### Stored data entries
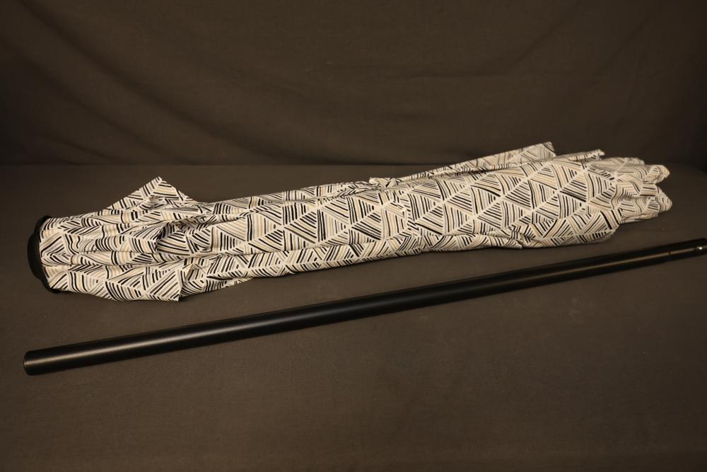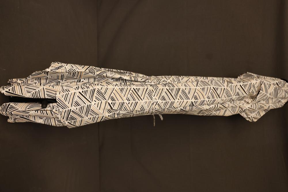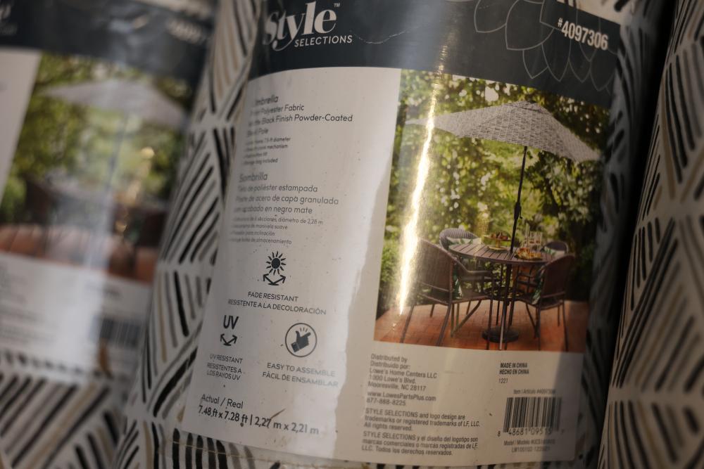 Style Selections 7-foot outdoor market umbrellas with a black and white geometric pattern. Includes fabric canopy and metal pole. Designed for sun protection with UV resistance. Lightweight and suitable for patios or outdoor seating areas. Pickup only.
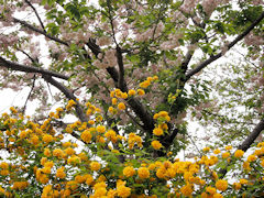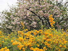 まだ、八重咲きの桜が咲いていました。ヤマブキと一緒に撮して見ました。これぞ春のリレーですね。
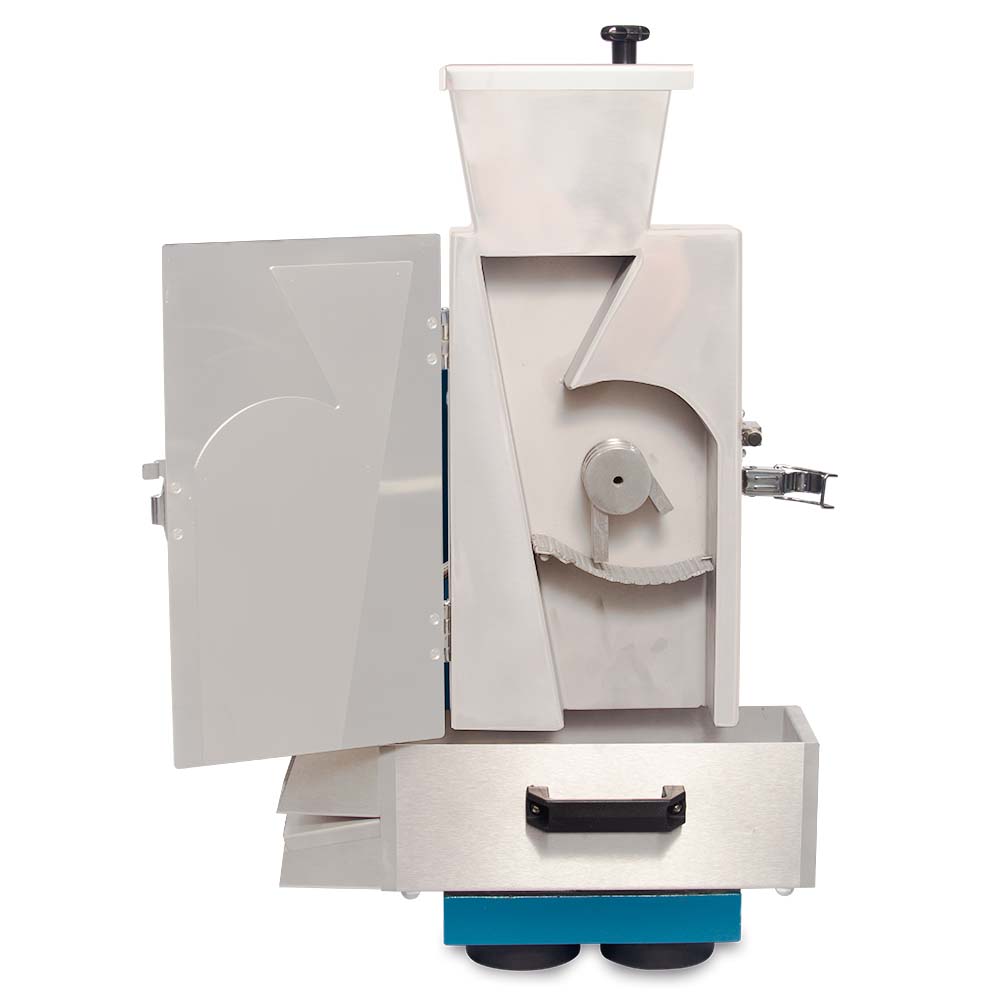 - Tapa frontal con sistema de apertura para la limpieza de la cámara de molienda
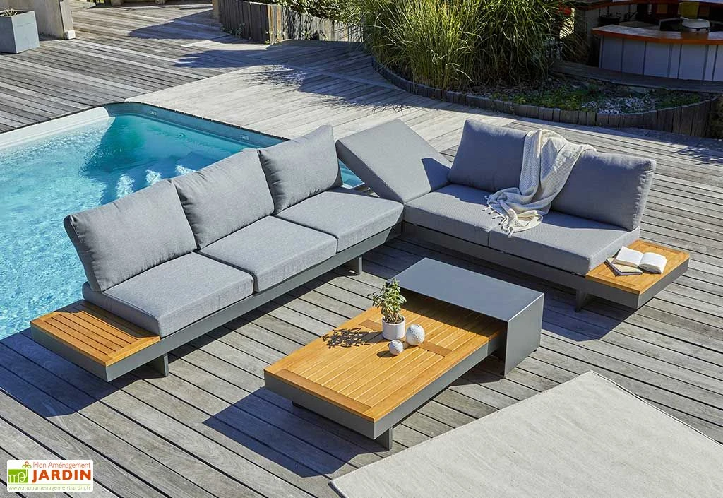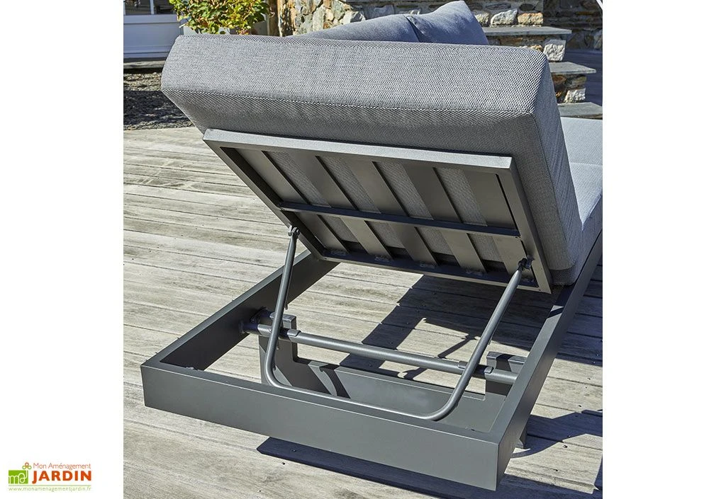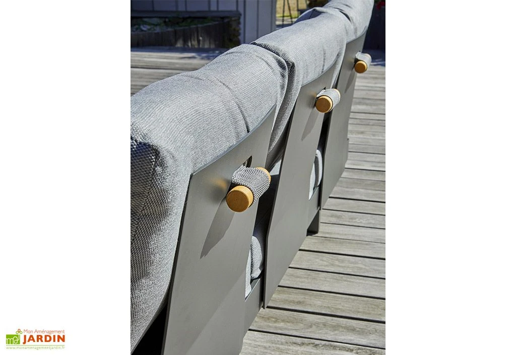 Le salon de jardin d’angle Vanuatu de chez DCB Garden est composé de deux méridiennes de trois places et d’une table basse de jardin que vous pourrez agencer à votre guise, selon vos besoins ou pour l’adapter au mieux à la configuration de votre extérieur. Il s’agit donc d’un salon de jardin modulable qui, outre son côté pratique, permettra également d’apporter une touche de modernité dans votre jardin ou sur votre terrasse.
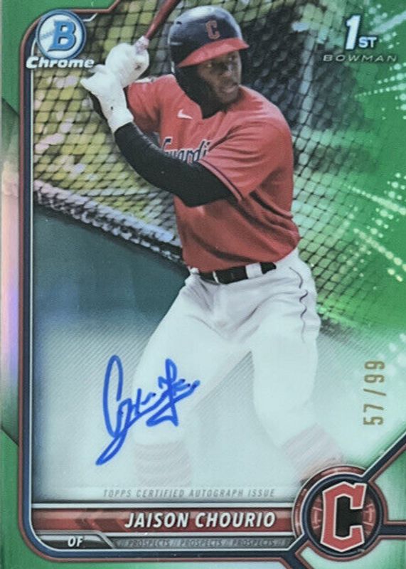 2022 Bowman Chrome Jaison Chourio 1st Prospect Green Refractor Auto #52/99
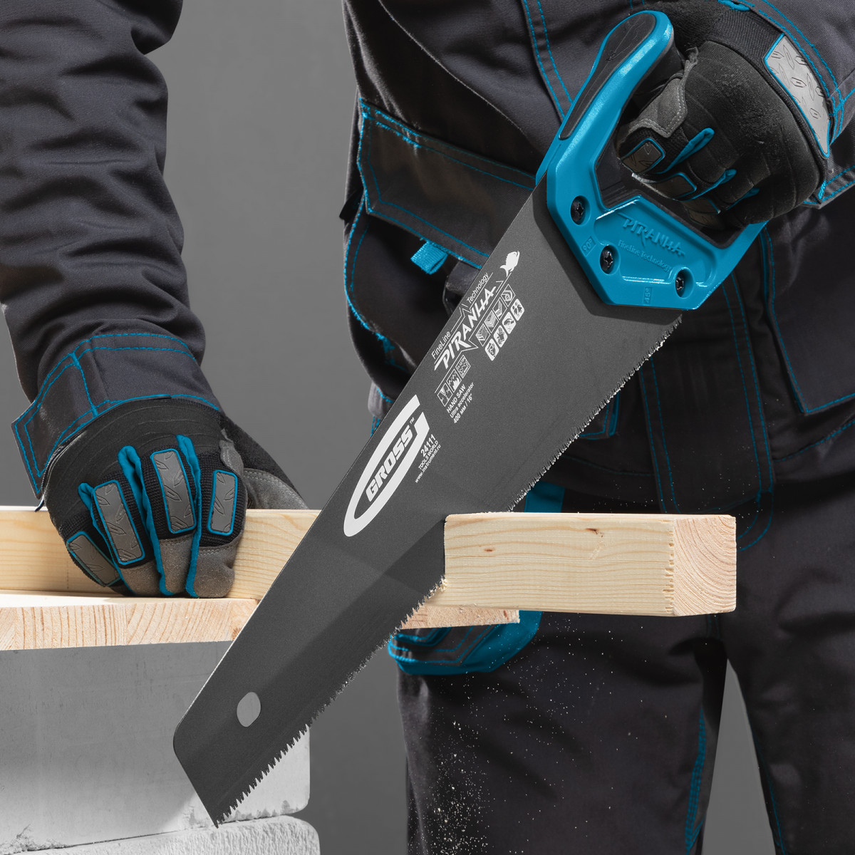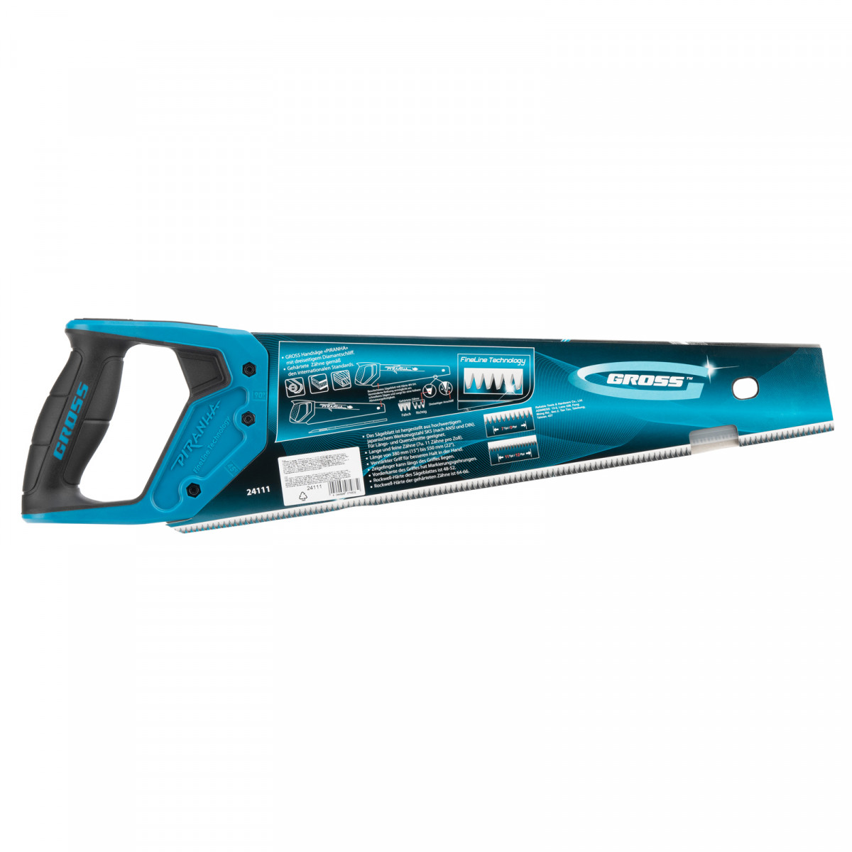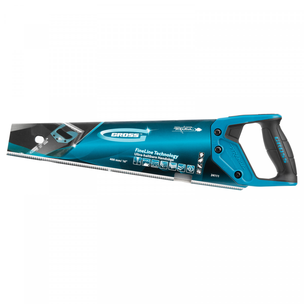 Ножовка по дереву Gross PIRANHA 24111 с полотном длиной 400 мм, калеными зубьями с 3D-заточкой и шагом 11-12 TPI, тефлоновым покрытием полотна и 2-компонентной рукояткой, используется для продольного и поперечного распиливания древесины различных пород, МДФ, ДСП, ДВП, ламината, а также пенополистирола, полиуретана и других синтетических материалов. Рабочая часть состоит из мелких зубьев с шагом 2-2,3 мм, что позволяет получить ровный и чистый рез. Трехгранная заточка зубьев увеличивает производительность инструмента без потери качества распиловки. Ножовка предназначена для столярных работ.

### Activity
Write out, exactly and with nothing added, every line from the one that holds "2022 Bowman Chrome" to the end of the entries above; pictures stay out.

### Completed exercise
 2022 Bowman Chrome Jaison Chourio 1st Prospect Green Refractor Auto #52/99
 Ножовка по дереву Gross PIRANHA 24111 с полотном длиной 400 мм, калеными зубьями с 3D-заточкой и шагом 11-12 TPI, тефлоновым покрытием полотна и 2-компонентной рукояткой, используется для продольного и поперечного распиливания древесины различных пород, МДФ, ДСП, ДВП, ламината, а также пенополистирола, полиуретана и других синтетических материалов. Рабочая часть состоит из мелких зубьев с шагом 2-2,3 мм, что позволяет получить ровный и чистый рез. Трехгранная заточка зубьев увеличивает производительность инструмента без потери качества распиловки. Ножовка предназначена для столярных работ.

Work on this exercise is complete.